▶ [WORK REQUIRED]: Using the data that follows, output only the lines from the line with "말해 화제를 모았다." up to and including the line with "[K경찰일보]만민중앙교회, 태국 치앙라이", exactly, leaving pictures aside.

-*-

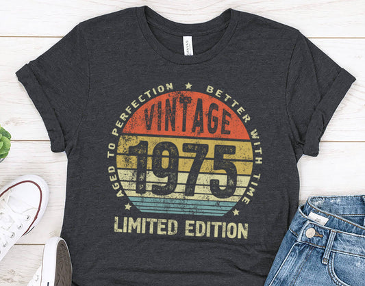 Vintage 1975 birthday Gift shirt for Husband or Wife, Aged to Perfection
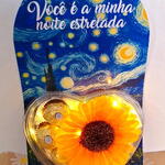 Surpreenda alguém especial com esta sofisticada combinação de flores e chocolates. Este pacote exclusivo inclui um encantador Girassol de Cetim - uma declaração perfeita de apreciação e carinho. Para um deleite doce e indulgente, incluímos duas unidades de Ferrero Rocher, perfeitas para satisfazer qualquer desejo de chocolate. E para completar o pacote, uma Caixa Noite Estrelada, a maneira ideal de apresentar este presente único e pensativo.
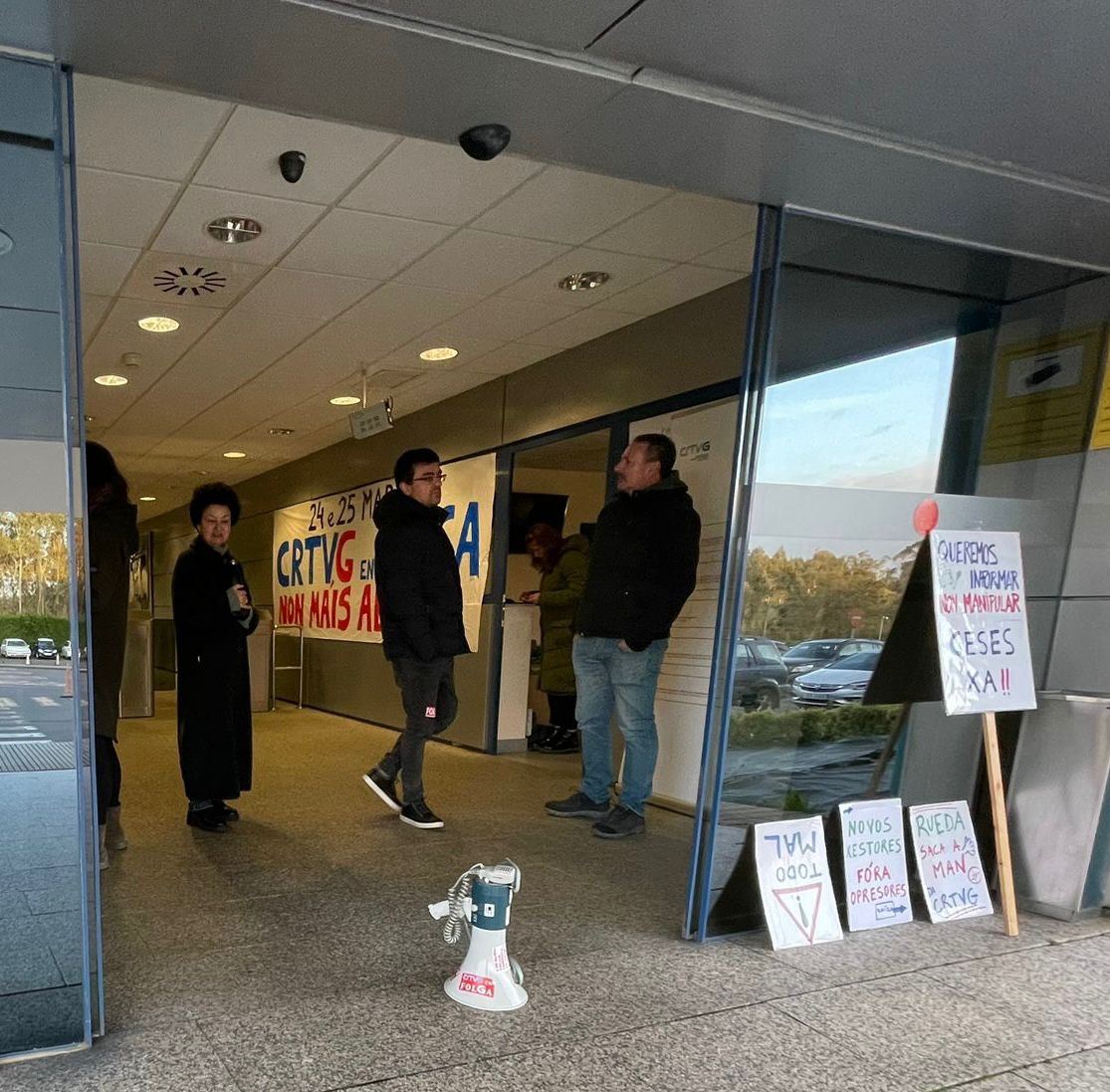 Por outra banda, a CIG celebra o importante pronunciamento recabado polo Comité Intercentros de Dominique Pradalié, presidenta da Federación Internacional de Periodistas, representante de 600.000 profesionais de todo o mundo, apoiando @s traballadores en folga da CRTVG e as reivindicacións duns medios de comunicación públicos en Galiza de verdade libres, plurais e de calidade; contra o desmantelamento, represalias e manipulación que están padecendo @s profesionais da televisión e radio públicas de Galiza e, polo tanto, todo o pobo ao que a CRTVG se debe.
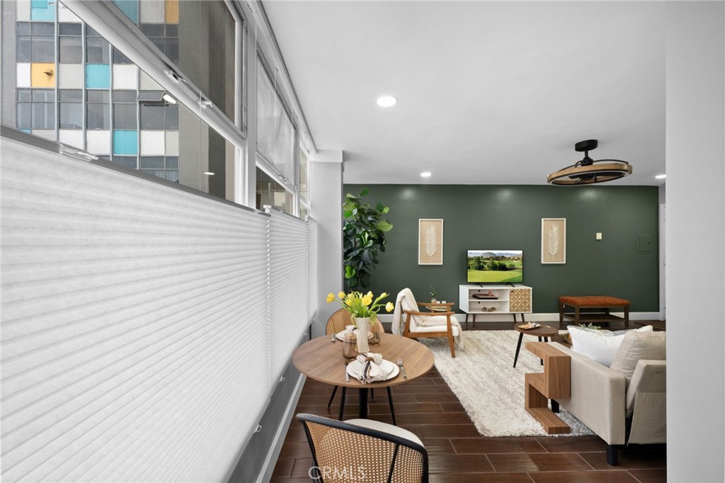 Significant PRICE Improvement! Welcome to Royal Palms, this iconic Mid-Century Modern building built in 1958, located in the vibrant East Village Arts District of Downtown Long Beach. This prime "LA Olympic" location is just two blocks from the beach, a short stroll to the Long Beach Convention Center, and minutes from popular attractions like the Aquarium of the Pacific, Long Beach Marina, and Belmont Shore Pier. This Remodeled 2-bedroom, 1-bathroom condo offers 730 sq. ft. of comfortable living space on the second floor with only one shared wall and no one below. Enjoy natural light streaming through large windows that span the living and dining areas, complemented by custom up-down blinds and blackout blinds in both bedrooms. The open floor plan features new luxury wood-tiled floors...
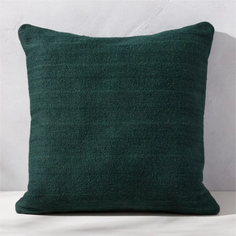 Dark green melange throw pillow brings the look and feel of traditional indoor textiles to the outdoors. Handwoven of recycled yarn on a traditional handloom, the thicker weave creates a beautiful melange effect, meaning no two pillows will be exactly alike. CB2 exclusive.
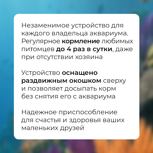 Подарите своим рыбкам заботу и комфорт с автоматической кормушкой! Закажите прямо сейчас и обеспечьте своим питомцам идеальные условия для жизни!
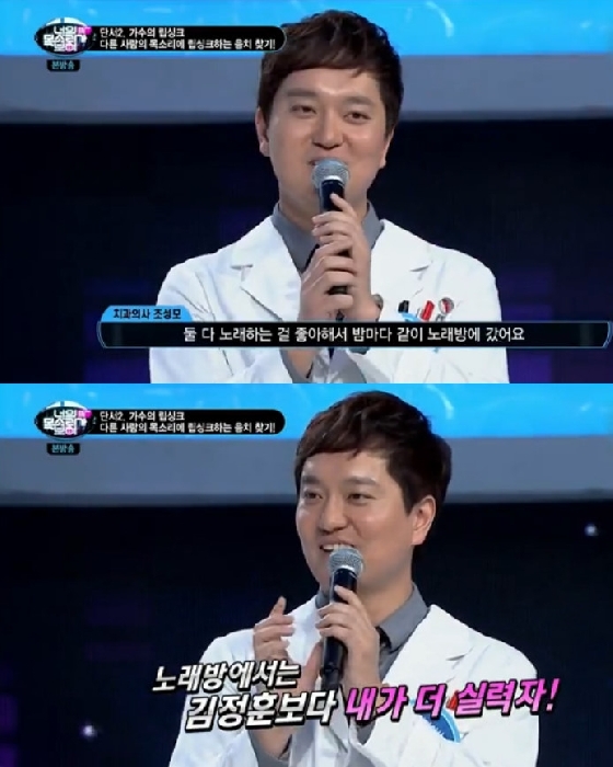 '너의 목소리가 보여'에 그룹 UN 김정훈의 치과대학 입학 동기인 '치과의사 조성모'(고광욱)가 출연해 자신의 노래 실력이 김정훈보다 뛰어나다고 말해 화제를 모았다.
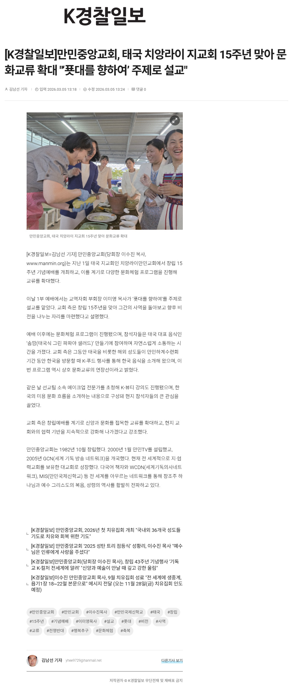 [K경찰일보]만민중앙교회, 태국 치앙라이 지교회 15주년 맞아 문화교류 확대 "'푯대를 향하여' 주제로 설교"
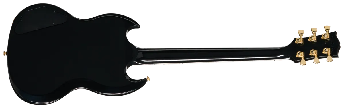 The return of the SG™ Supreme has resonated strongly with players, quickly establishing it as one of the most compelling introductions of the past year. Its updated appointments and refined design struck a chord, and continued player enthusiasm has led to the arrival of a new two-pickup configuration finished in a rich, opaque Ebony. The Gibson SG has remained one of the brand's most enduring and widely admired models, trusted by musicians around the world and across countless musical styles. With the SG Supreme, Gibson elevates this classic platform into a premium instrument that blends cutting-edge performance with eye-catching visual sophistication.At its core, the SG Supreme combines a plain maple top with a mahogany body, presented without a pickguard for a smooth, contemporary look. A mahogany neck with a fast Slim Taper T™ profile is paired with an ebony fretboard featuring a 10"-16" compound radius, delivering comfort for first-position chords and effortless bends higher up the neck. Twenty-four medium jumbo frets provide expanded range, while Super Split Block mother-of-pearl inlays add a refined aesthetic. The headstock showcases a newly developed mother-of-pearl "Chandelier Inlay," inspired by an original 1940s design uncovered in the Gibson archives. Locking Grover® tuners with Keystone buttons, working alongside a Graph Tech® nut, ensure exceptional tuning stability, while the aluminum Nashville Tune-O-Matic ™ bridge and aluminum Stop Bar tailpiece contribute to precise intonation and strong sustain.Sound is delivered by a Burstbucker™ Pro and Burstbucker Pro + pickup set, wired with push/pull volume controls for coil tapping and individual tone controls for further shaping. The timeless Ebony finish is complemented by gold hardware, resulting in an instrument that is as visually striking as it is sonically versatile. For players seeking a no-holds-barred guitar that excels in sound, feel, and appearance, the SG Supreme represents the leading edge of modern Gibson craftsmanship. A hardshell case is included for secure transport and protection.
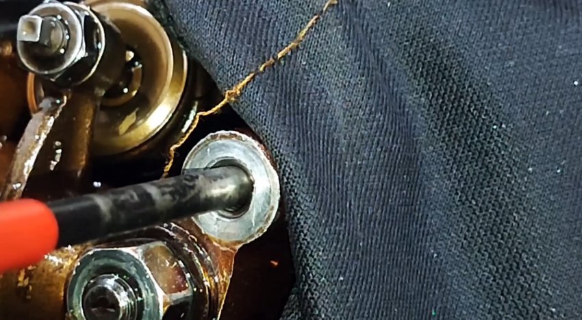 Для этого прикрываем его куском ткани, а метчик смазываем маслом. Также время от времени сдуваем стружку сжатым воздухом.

-*-

▶ [EXERCISE SOLUTION]:
 '너의 목소리가 보여'에 그룹 UN 김정훈의 치과대학 입학 동기인 '치과의사 조성모'(고광욱)가 출연해 자신의 노래 실력이 김정훈보다 뛰어나다고 말해 화제를 모았다.
 [K경찰일보]만민중앙교회, 태국 치앙라이 지교회 15주년 맞아 문화교류 확대 "'푯대를 향하여' 주제로 설교"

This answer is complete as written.